Using the records below, return exactly the lines from the one containing "Chiếc sedan thể" through the last, and omit pictures.

:: PROVIDED DATA

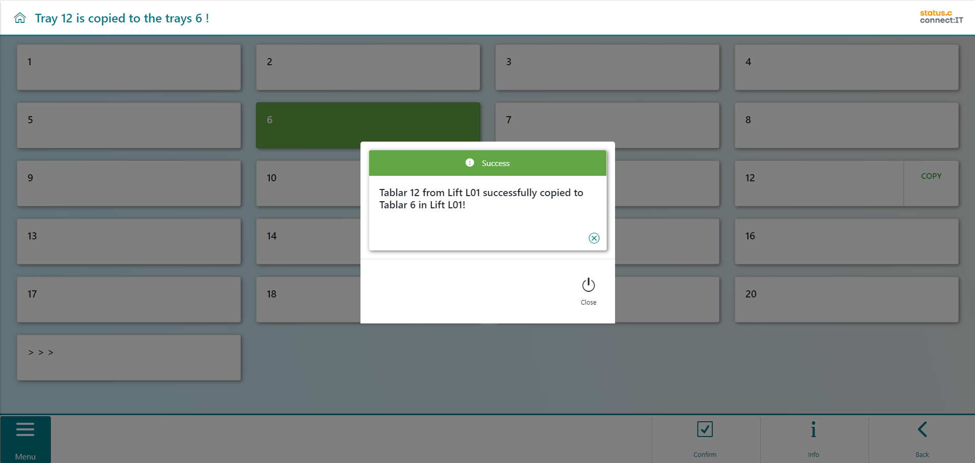 All trays of the lift are displayed to the user. Tray 12 is marked as the copy template (1). Next, select the tray to which the bins from tray 12 will be copied. It is possible to select several trays. In the example, tray 6 is selected (2). Click on "Confirm"(3) to create tray 6 from the template of tray 12.
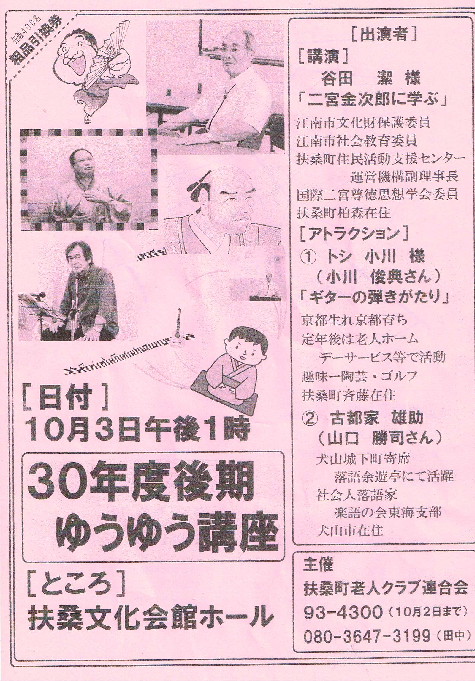 The population of our country becomes less than 100 million in 2050, and it is impossible to stop the social aging. 1/4 of the population is more than 65 years old now. There are a large number of old men in our town, and association of Fuso golden age club society exists for the welfare. And holding is considered to be it a lecture leisurely twice a year. It is the first lecture today. Three lectures were content. As for one, as for story of the rearranging, two, Chinese instrument with two strings and performance of a short koto and the piano, three were a song of and games of 26 preschoolers during the lifetime. I think that the performance of three people was good for me. I want to expect it for an event of the latter period of this year.
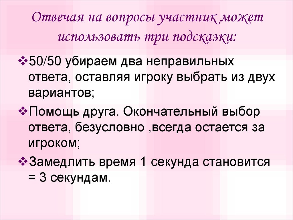 3. Отвечая на вопросы участник может использовать три подсказки:
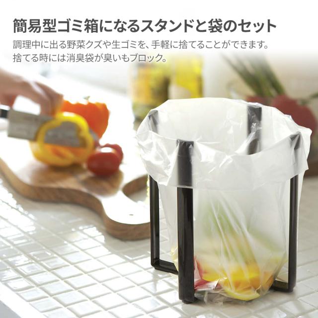 スーパーなどのポリ袋を掛けて、生ゴミなどが捨てられる簡易型ゴミ箱になるスタンドと、消臭袋のセット。
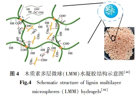 如图4所示,Zhang等[44]首次使用多巴胺和海藻酸钠组装了木质素多层微球(LMM)水凝胶,其主要机制为静电引力和表面络合作用吸附重金属离子。
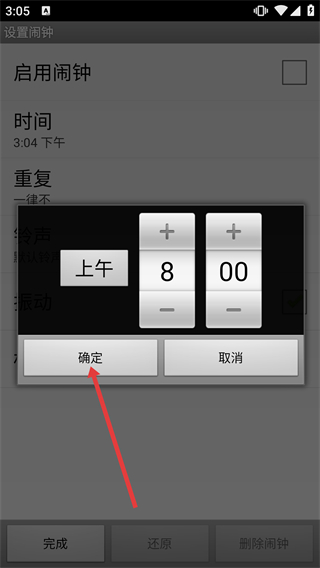 2、在時(shí)間選擇彈窗內(nèi),調(diào)整目標(biāo)小時(shí)、分鐘及時(shí)段(上午/下午),設(shè)置完成后點(diǎn)擊“確定”按鈕。
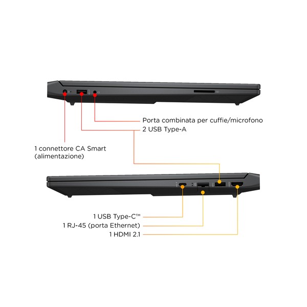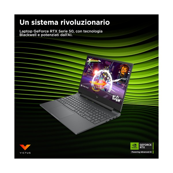 Realizza il tuo destino nel gaming HP Victus Laptop è un PC gaming pensato per offrire le massime prestazioni in movimento. Questo sistema elegante vanta un potente processore AMD[1] e una scheda grafica moderna. Il look di questo laptop colpisce quanto il suo hardware, grazie ai numerosi colori disponibili[2], al sistema di raffreddamento aggiornato e alla webcam con riduzione del rumore temporale.
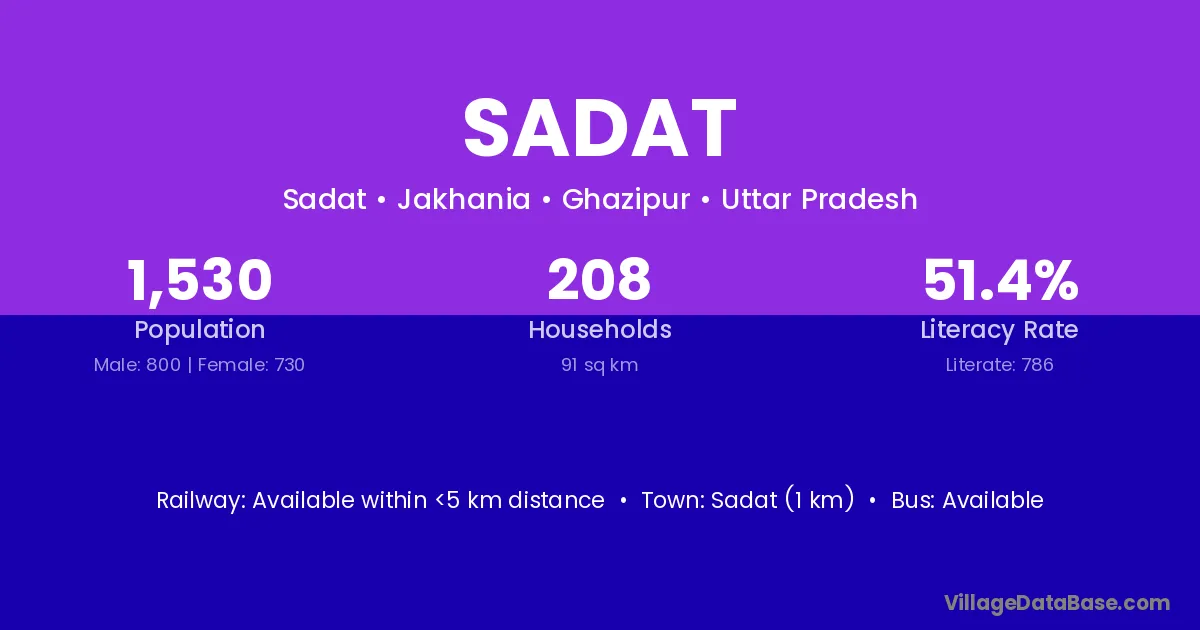 Sadat (1 km) is the nearest town to Sadat village for major economic activities and is located approximately 1 km away.
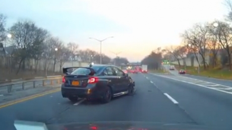 Chiếc sedan thể thao Subaru WRX STI vọt lên từ làn trong cùng rồi chuyển ngay ra làn ngoài cùng và lập tức phanh gấp khi tài xế nhận ra cả dòng xe đang dừng lại. Mọi thứ quá muộn khi Subaru hích vào dải phân cách rồi đâm vào một xe phía trước.
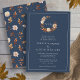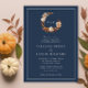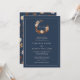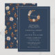 Denna eleganta och moderna bröllopsinbjudan har en krans av handmålade akvarellblad i bränt orange och terrakotta, krämfärgade och beige dahlior och vackra rostfärgade rosor på en marinblå bakgrund med brudens och brudgummens monogram. Hitta matchande föremål i Navy Autumn Romance Collection.
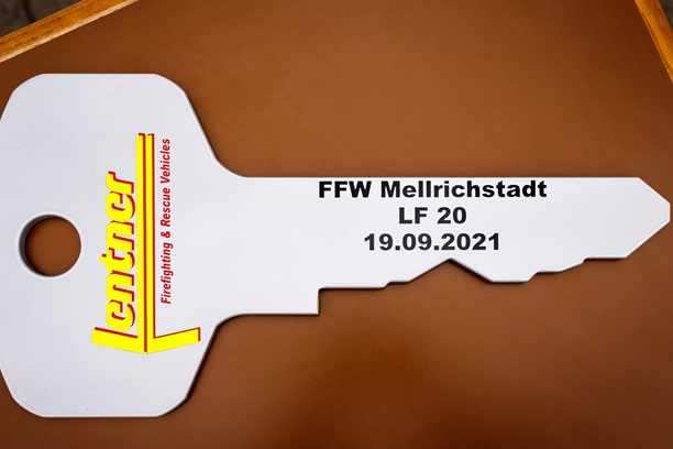 Im Anschluss daran wurde das knapp 400.000€ teure Fahrzeug, welches ein LF 8 aus dem Jahr 1972 ersetzt, vom 1. Bürgermeister Michael Kraus offiziell an die Feuerwehr Mellrichstadt übergeben.
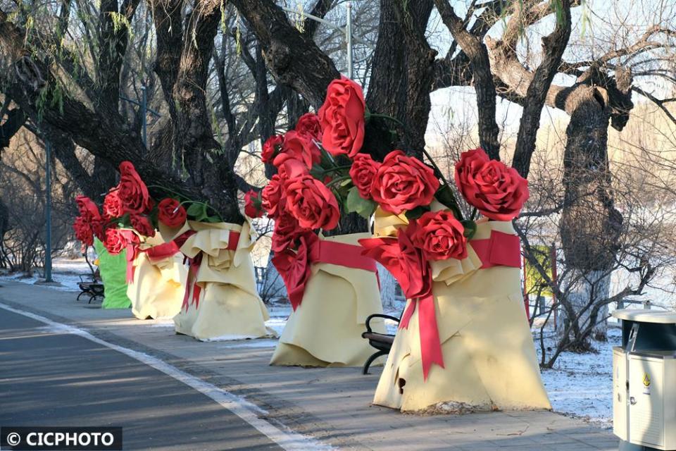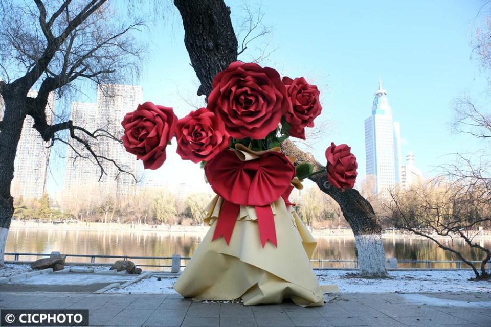 ↑2024年12月3日在辽宁省沈阳市和平区南湖公园拍摄的被仿真红色玫瑰花装饰如巨型花束的行道树。CICPHOTO/黄金崑 摄

::::

SOLUTION FOR THIS TASK →
 Chiếc sedan thể thao Subaru WRX STI vọt lên từ làn trong cùng rồi chuyển ngay ra làn ngoài cùng và lập tức phanh gấp khi tài xế nhận ra cả dòng xe đang dừng lại. Mọi thứ quá muộn khi Subaru hích vào dải phân cách rồi đâm vào một xe phía trước.
 Denna eleganta och moderna bröllopsinbjudan har en krans av handmålade akvarellblad i bränt orange och terrakotta, krämfärgade och beige dahlior och vackra rostfärgade rosor på en marinblå bakgrund med brudens och brudgummens monogram. Hitta matchande föremål i Navy Autumn Romance Collection.
 Im Anschluss daran wurde das knapp 400.000€ teure Fahrzeug, welches ein LF 8 aus dem Jahr 1972 ersetzt, vom 1. Bürgermeister Michael Kraus offiziell an die Feuerwehr Mellrichstadt übergeben.
 ↑2024年12月3日在辽宁省沈阳市和平区南湖公园拍摄的被仿真红色玫瑰花装饰如巨型花束的行道树。CICPHOTO/黄金崑 摄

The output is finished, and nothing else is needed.